Association between oxygen delivery and digital ulcers in systemic sclerosis


AKDOĞAN A., Sari A., Sener Y. Z., Oksul M., Armagan B., KILIÇ L., ...Daha Fazla

Microvascular Research, cilt.145, 2023 (SCI-Expanded) identifier identifier identifier

  • Yayın Türü: Makale / Tam Makale
  • Cilt numarası: 145
  • Basım Tarihi: 2023
  • Doi Numarası: 10.1016/j.mvr.2022.104449
  • Dergi Adı: Microvascular Research
  • Derginin Tarandığı İndeksler: Science Citation Index Expanded (SCI-EXPANDED), Scopus, Academic Search Premier, BIOSIS, CAB Abstracts, EMBASE, MEDLINE, Veterinary Science Database
  • Anahtar Kelimeler: Systemic sclerosis, Digital ulcers, Oxygen delivery, Hypoxia, Cardiac output, Arterial oxygen content
  • Hacettepe Üniversitesi Adresli: Evet

Özet

© 2022 Elsevier Inc.Objective: Tissue hypoxia due to microvasculopathy is the main cause of digital ulcers (DUs) in systemic sclerosis (SSc).

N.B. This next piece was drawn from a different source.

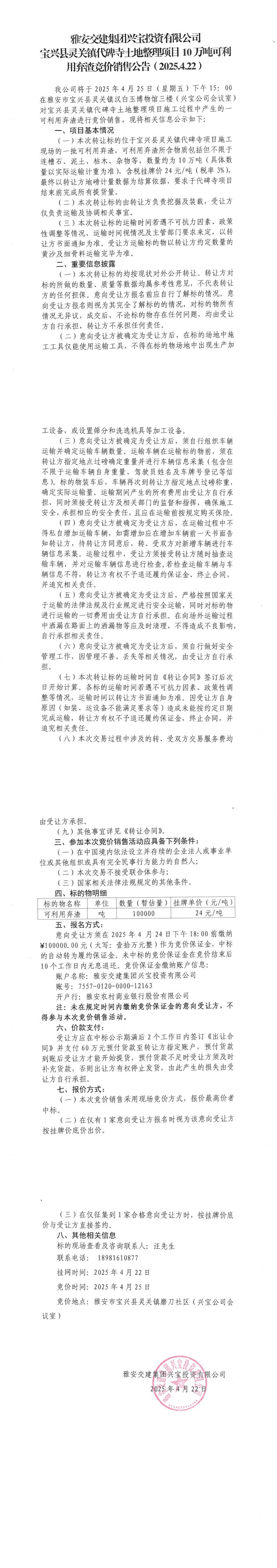 雅安交建集團(tuán)興寶投資有限公司寶興縣靈關(guān)鎮(zhèn)代碑寺土地整理項(xiàng)目10萬噸可利用棄渣競價銷售公告

Reduced oxygen delivery (DO2) to the tissues may also contribute to the development of DU. This study was conducted to investigate the association between DO2 and DUs in patients with SSc. Methods: In all, 111 patients and 30 healthy controls were enrolled. DO2 was calculated by using the formula; DO2 = Cardiac output × arterial oxygen saturation (SpO2) × serum haemoglobin level × 1.39 × 10. Both right index finger SpO2 measurements (index-SpO2) and highest value of SpO2 (maximum SpO2) obtained among the fingers of the subjects were used for the calculations and DO2 results were adjusted both for weight and body surface area (BSA). Results: Mean DO2 was lower in SSc patients as compared to controls in all 4 different calculations but the difference was only statistically significant when using index-SpO2 and adjusting for BSA (498 mL/min/m2 vs 549 mL/min/m2, p = 0.03). There was a strong positive correlation between cardiac output and DO2 calculated by using the index-SpO2 (r = 0.903; p < 0.001). Of the SSc patients, 46 (41.4 %) had DUs within the last 12 months. Patients with DUs had higher mean mRSS, lover mean FVC and more frequently diffuse disease, interstitial lung disease, anti-SCL70 antibody positivity (p < 0.05 for all). No difference was observed in DO2 among DU positive or DU negative groups by any calculation (p > 0.05 for all). Conclusions: DO2 in SSc patients seems to be lower than healthy controls. However, DO2 is similar between the patients with and without DUs. Our results suggest that the contribution of DO2 is negligible to the development of DU and support the major role of microvasculopathy in SSc patients with DUs.